This article introduces the challenges and practices of ** performance ** monitoring and analysis of ** Alibaba ** large data centers.

This blog is a translation from the English version. You can check the original from here. We use some machine translation. We would appreciate it if you could point out any translation errors. *

Singles' Day, Shopping Festival

Alibaba's signature data crunch event is the 11.11 Global Shopping Festival, which celebrates China's Bachelor's Day every year with a platform-wide sale.

The figure below uses the data as of 2017. To help you see the size of the event, the graph in the upper left shows sales figures: about US $ 25.3 billion, which is higher than the combined sales of Thanksgiving, Black Friday and Cyber Monday in the same year. ..

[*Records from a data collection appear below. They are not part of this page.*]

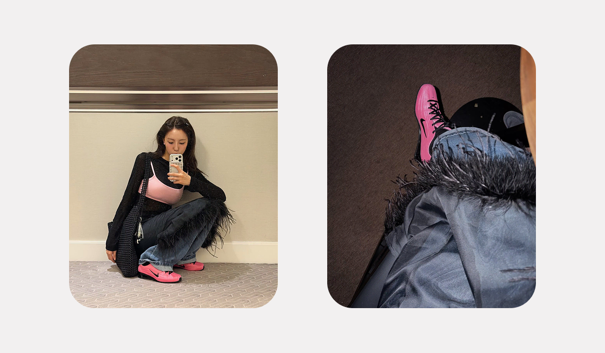효민 역시 나이키 Z 샥스를 활용한 스타일링을 여러 차례 선보였어요. 핑크 컬러 샥스를 포인트로 다양한 소재의 아이템과 믹스매치한 룩은 샥스의 Y2K 무드를 자연스럽게 보여주는 대표적인 예시죠. 실루엣이 강한 스타일에도 자연스럽게 스며드는 걸 보면, 샥스 모델이 왜 꾸준히 인기를 이어가고 있는지 단번에 이해됩니다. 현재 번개장터에서는 1,300여 개의 나이키 샥스 매물이 올라와 있어요. 추운 날씨에도 스타일을 챙기고 싶다면, 원하는 컬러와 모델을 지금 바로 발 빠르게 만나보세요.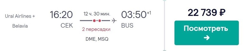 Есть еще более комфортный и быстрый вариант. Его предлагают авиаоператоры «Уральские авиалинии» и «Белавиа». Общее время в пути — 12,5 ч. Стыковки также две — в Москве (3 часа) и столице РБ (2,5 часа). Менять воздушные гавани нигде не нужно. Но этот вариант более дорогостоящий. Билеты только туда — от 22800 рублей (за 1,5 месяца). Но учитывая, что не нужно тратиться на проезд (речь о трансфере между аэропортами), разница в цене получается несущественная.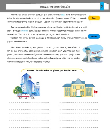 Hastane ile okulu mekan ve işlevine göre karşılaştıralım.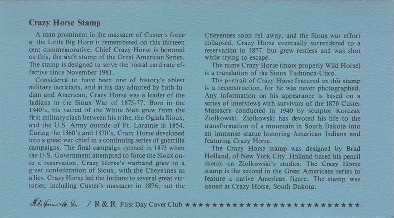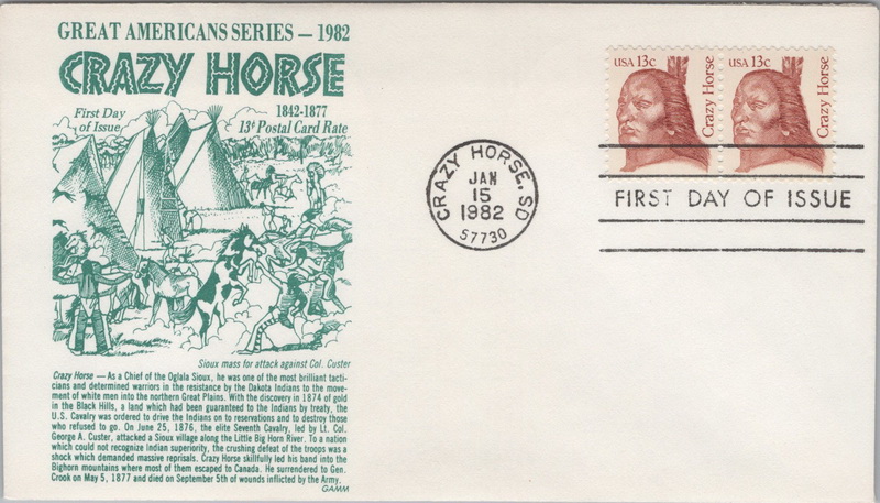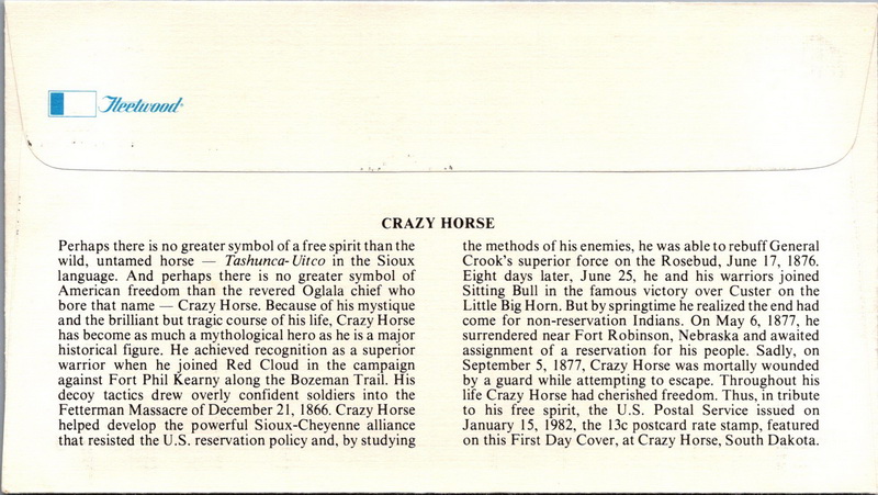 | | Sets & Collections | | 1339 | 1855 | 1/15/1982 | Crazy Horse; Collection of 45 FDCs | $100.00 |

Technical experts place more emphasis on the graph on the right. In 2017, Alibaba's cloud platform enabled a peak volume of 325,000 transactions and 256,000 payments per second.

What does such high peak performance mean for Alibaba? That means cost! The reason for sticking to performance is that we aim to reduce costs while continuously improving performance through constant technological innovation.

Alibaba infrastructure

Behind the peak performance figures above is the massive software and hardware infrastructure that underpins it.

As shown in the figure above, Alibaba's infrastructure includes a variety of top-level applications such as e-commerce apps Taobao and Tmall, distribution network Cainiao, business messaging app DingTalk, payment platform Alipay, and Alibaba Cloud. Exists. This diversity of business scenarios is characteristic of Alibaba's economy.

At the bottom is a large data center connected to millions of machines.

The middle tier is called "Enable Platform" in Alibaba. The closest to the upper layer applications are databases, storage, middleware and computing platforms. In between are resource scheduling, cluster management, and containers. At the bottom is system software such as operating system, JVM, and virtualization.

Performance analysis

Benchmark testing is useful because you need a simple and reproducible way to measure performance. However, benchmark testing has its limits. This is because each test depends on its own defined operating environment as well as its hardware and software settings. These settings can have a significant impact on performance. Another issue is whether the hardware and software configurations actually meet the business requirements and thus provide typical results.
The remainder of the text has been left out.